In an ideal world, we would all skip to school, stopping to chat with the milkmen and postman along the way, whistling a merry tune as we wave our darling sons and daughters off a the school gate before we head off to the park to pick up littler and do our bit for the planet.
But the reality is many mums and dad simply don't have the time. Many parents - especially those whose children attend schools a few miles from home - struggle to get their kids out of bed, breakfasted, then dressed before packing them into the car and tearing off to drop them at school before tearing off to work.
Professor John Ashton said children should be made to walk a quarter of a mile each day to keep them fit and prevent obesity.
He told The Times: "We're used to this idea that our children are not going to be as well off as we have been.

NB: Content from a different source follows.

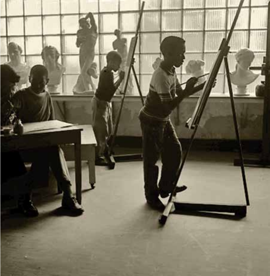
A children's class in painting, one of the many diversions offered at the Irene Kaufmann center, in a 1950 photo by Esther Bubley.

But I don't think anybody has really expressed yet that they may not be as healthy either."
He said the 'nanny state' should not stand in the way of strong government action to improve health, particularly for children.
Professor Ashton, who takes over as president of the Faculty of Public Health today, added that the next generation face economic challenges as well as dangers from a diet of junk food and lack of exercise.
The combination of factors could produce a crisis which is 'in danger of writing off a generation', he added.
He hailed a change in the traditional school run as a preventative measure against childhood obesity and unfit young people.
"One of the things we should be doing is really strictly prohibiting cars stopping outside school to drop kids off but having drop-off points, if at all, a few hundred yards away so at least the children get to walk a quarter of a mile each day from the dropping-off point ... it would make a difference," he told the newspaper.
He also said that cities must be restructured and re-engineered to tackle the problems with modern life that are driving rises in obesity and other public health failures.
He said that public health efforts must focus on town planning as much as on general health and argued that diet, exercise and stress must be united as symptoms of a deeper problem with modern lifestyles.
The new public health chief called for Britain to look back to the Victorian era to find a sense of ambition, to try to prevent diseases and lengthen life.